Open-source local LLM runner enabling APAC developers and platform engineers to download and run open-weight language models (Llama 3, Mistral, Gemma, Qwen, Doubao-1.5, EXAONE) on developer workstations (macOS Apple Silicon, Linux GPU, Windows WSL) with a single command — with OpenAI-compatible API for APAC application development, model management CLI, and macOS/Windows desktop apps for non-technical APAC users.

AIMenta verdict
Recommended
5/5

"Ollama is the local LLM runner for APAC developers — one-command setup for Llama 3, Mistral, Gemma, and Qwen on developer workstations with OpenAI-compatible API. Best for APAC engineering teams experimenting with open-weight models without cloud API costs or data egress."

Features
7
Use cases
4
Watch outs
4
What it does

Key features

  • One-command model download and run — `ollama run llama3.2` for instant APAC local LLM access
  • Apple Silicon support — Metal GPU acceleration for APAC MacBook Pro M1/M2/M3 without NVIDIA GPUs
  • OpenAI-compatible API — localhost:11434/v1 for APAC app development without cloud API costs
  • Model library — Llama, Mistral, Gemma, Qwen, Doubao, EXAONE, and APAC fine-tuned variants
  • Modelfile system — custom APAC model configurations for team distribution
  • Desktop apps — macOS and Windows Ollama apps for non-technical APAC users
  • Kubernetes deployment — Ollama Docker image for APAC GPU node inference serving
When to reach for it

Best for

  • APAC developers on MacBook Pro M1/M2/M3 hardware who want to experiment with open-weight models locally without cloud API costs — Ollama's Apple Silicon support makes APAC local LLM development accessible on standard enterprise MacBook hardware
  • APAC engineering teams developing AI applications who need a local LLM for development and testing without sending APAC development data to cloud providers — Ollama's localhost API enables APAC development workflows identical to production Claude/GPT-4 integration with locally served models
  • APAC platform teams building internal AI tools for APAC employees who require data sovereignty — Ollama in Docker on APAC corporate servers provides APAC-hosted LLM access for internal users without cloud AI data egress
  • APAC AI product teams evaluating open-weight APAC models (Qwen 2.5, Doubao-1.5, EXAONE) for APAC language tasks before committing to production vLLM infrastructure — Ollama's model library enables rapid APAC model evaluation
Don't get burned

Limitations to know

  • ! Not production-scale — Ollama is optimised for single-user local inference and small team deployments; APAC production LLM serving at scale (hundreds of concurrent APAC users) requires vLLM's continuous batching and GPU memory management for cost-efficient APAC throughput
  • ! Context window limits on consumer hardware — large APAC context windows (128K tokens for Llama 3.1) require GPU VRAM proportional to context size; APAC developer MacBook Pro M2 with 16GB unified memory may be limited to shorter APAC context windows than cloud API equivalents
  • ! Model storage requirements — Ollama downloads full quantized model weights (4-bit Llama 3.1 70B is ~40GB); APAC developer workstations need sufficient SSD storage for multiple APAC models, which can fill 256GB drives quickly
  • ! Concurrency limits — Ollama serves one model generation at a time by default; APAC team deployments where multiple developers share a single APAC Ollama server will experience queued responses during peak usage
Context

About Ollama

Ollama is an open-source tool that enables APAC developers and platform engineers to download and run open-weight language models locally on macOS (with Apple Silicon M1/M2/M3 Metal GPU acceleration), Linux (with NVIDIA/AMD GPU or CPU-only fallback), and Windows (WSL or native) with a single command — `ollama run llama3.2:3b` downloads the quantized model, loads it into system memory or GPU VRAM, and starts an interactive chat session or serves an OpenAI-compatible HTTP API at `localhost:11434/v1`.

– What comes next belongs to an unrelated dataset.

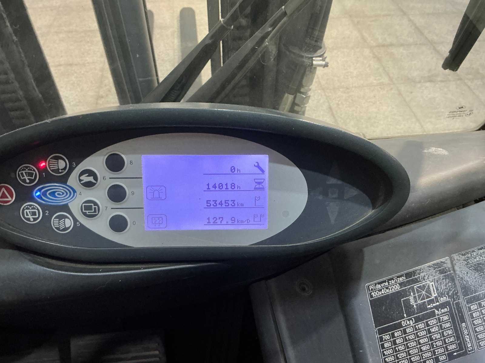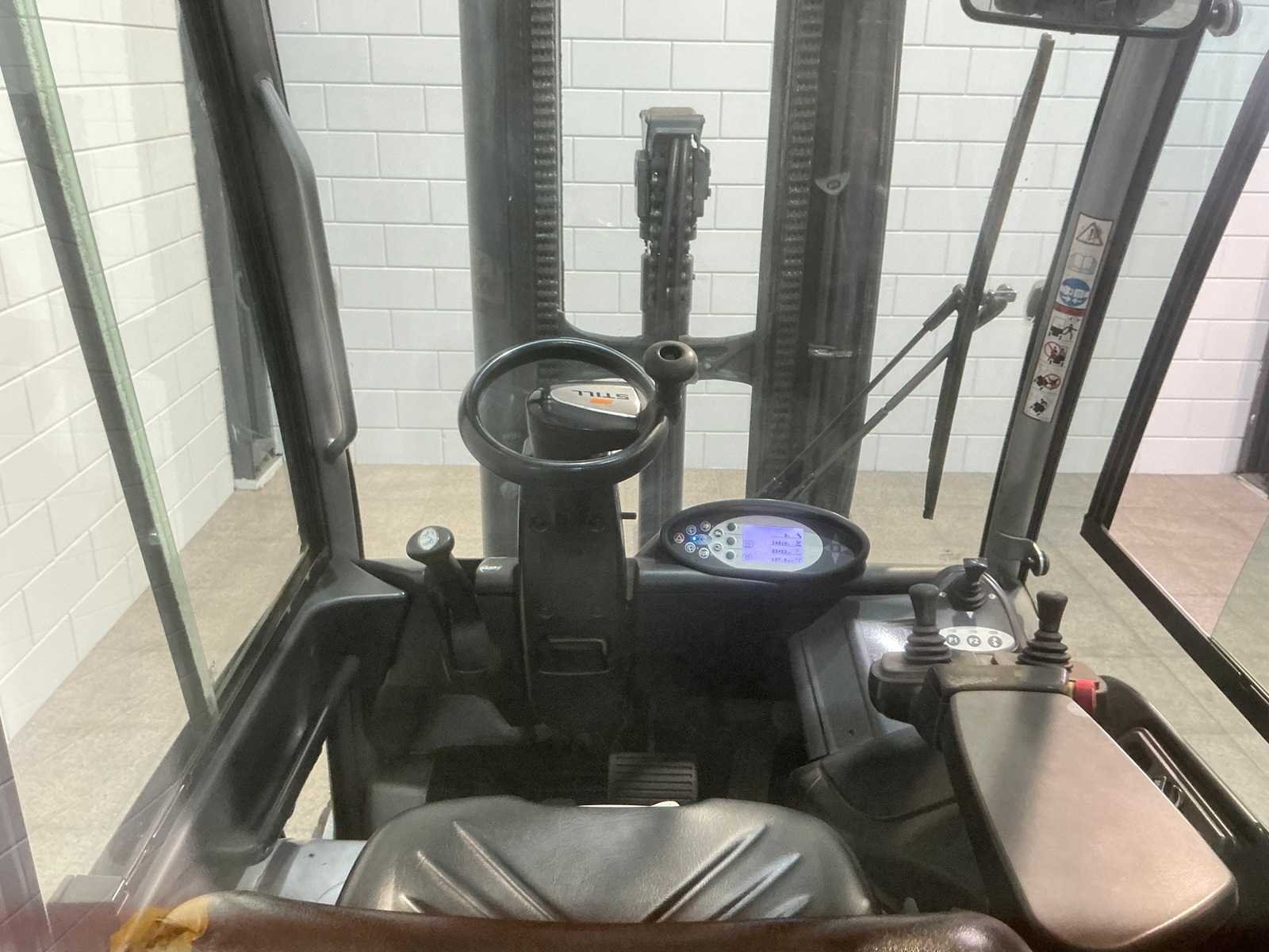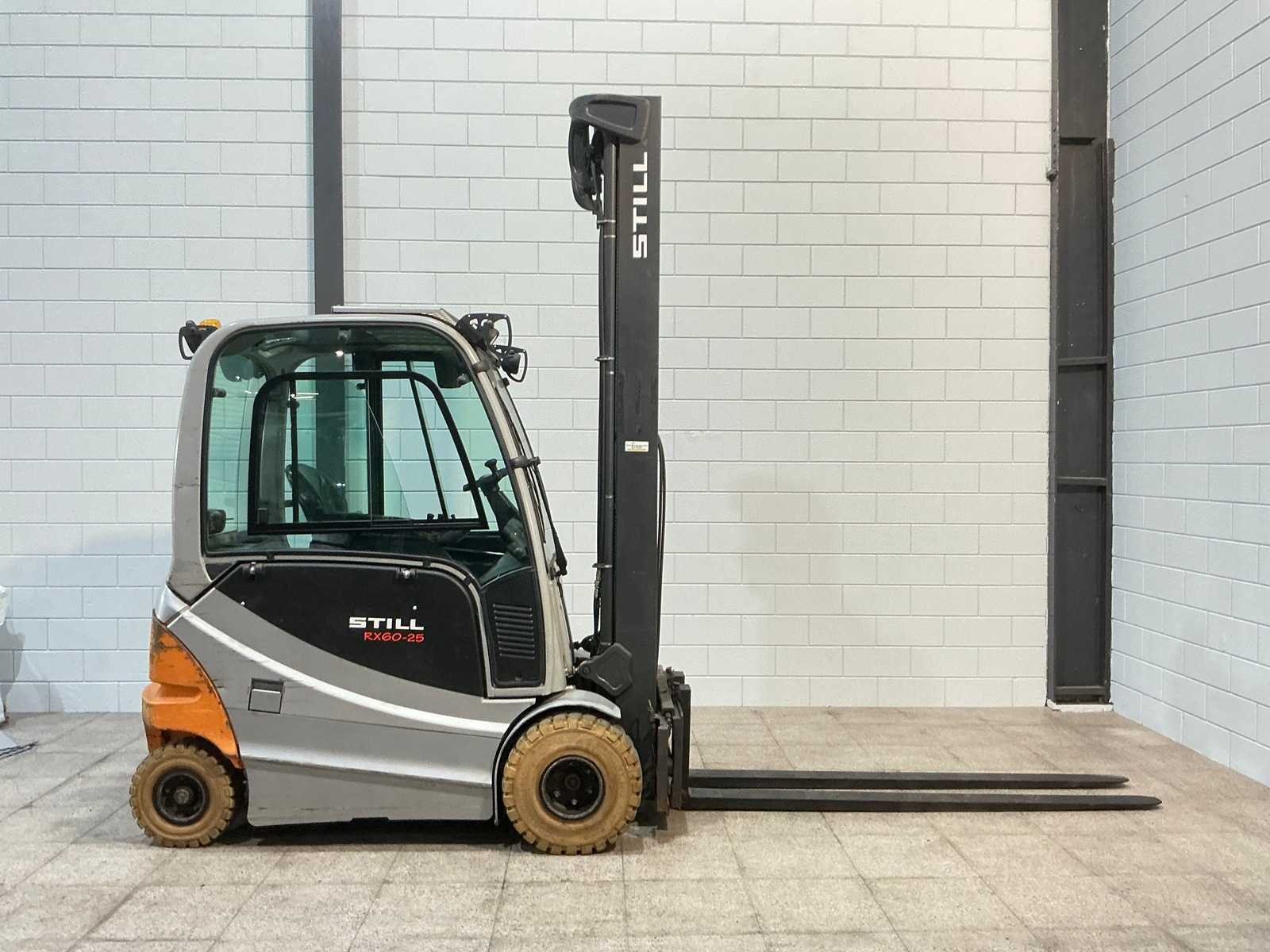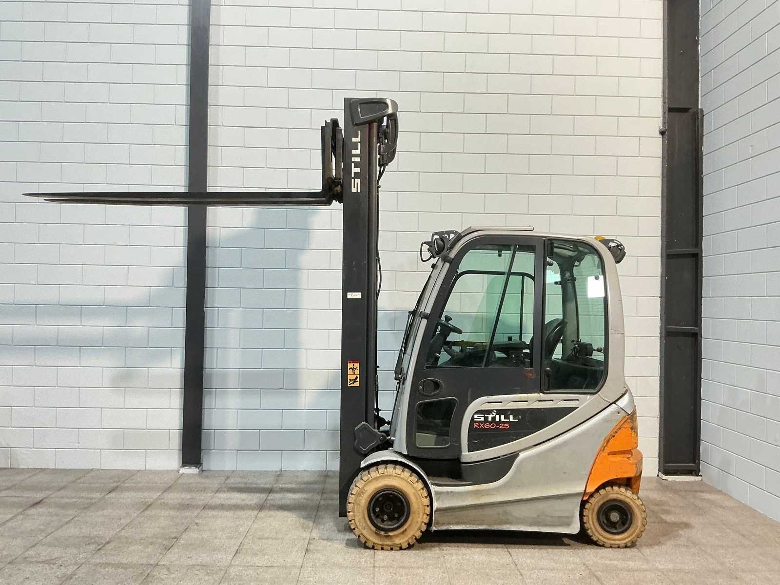 Merk: Still Type: RX60-25 Bouwjaar: 2015 Serienummer: 516345F00709 Brandstof: Elektrisch Mast: Triplex Soort band: Volrubber Aantal wielen: 4 Afgelezen urenstand: 14014 Accu lader: true Free-lift: true Side-shift: true Triple mast: true Eigen gewicht: 5200kg Hefvermogen: 2500kg Lepellengte: 2200mm Hefhoogte: 7390mm Vol rubber banden: true Totale afmeting L: 2320mm Totale afmeting Breedte: 1190mm Totale afmeting Hoogte: 3170mm

Ollama's model library — covering Llama 3.x (Meta), Mistral/Mixtral (Mistral AI), Gemma 2/3 (Google DeepMind), Qwen 2.5 (Alibaba), Doubao-1.5 (ByteDance), EXAONE (LG AI Research), and hundreds of community fine-tuned variants (code generation, instruction following, APAC domain-specific models) — enables APAC developers to explore the full landscape of open-weight AI models without account creation, API keys, or cloud costs, running experiments locally with APAC data that never leaves the developer's machine.

Ollama's macOS Metal GPU acceleration — where Ollama leverages Apple's Metal performance shaders for neural network inference on M1/M2/M3 MacBook Pro and Mac Studio hardware — enables APAC developers on Apple Silicon Macs to run 7B-13B parameter LLMs at 20-50 tokens/second on consumer hardware without NVIDIA GPUs, making local APAC LLM experimentation accessible to the large segment of APAC enterprise developers (particularly Japanese and Korean enterprise teams that standardise on MacBook Pro hardware) without dedicated GPU workstations.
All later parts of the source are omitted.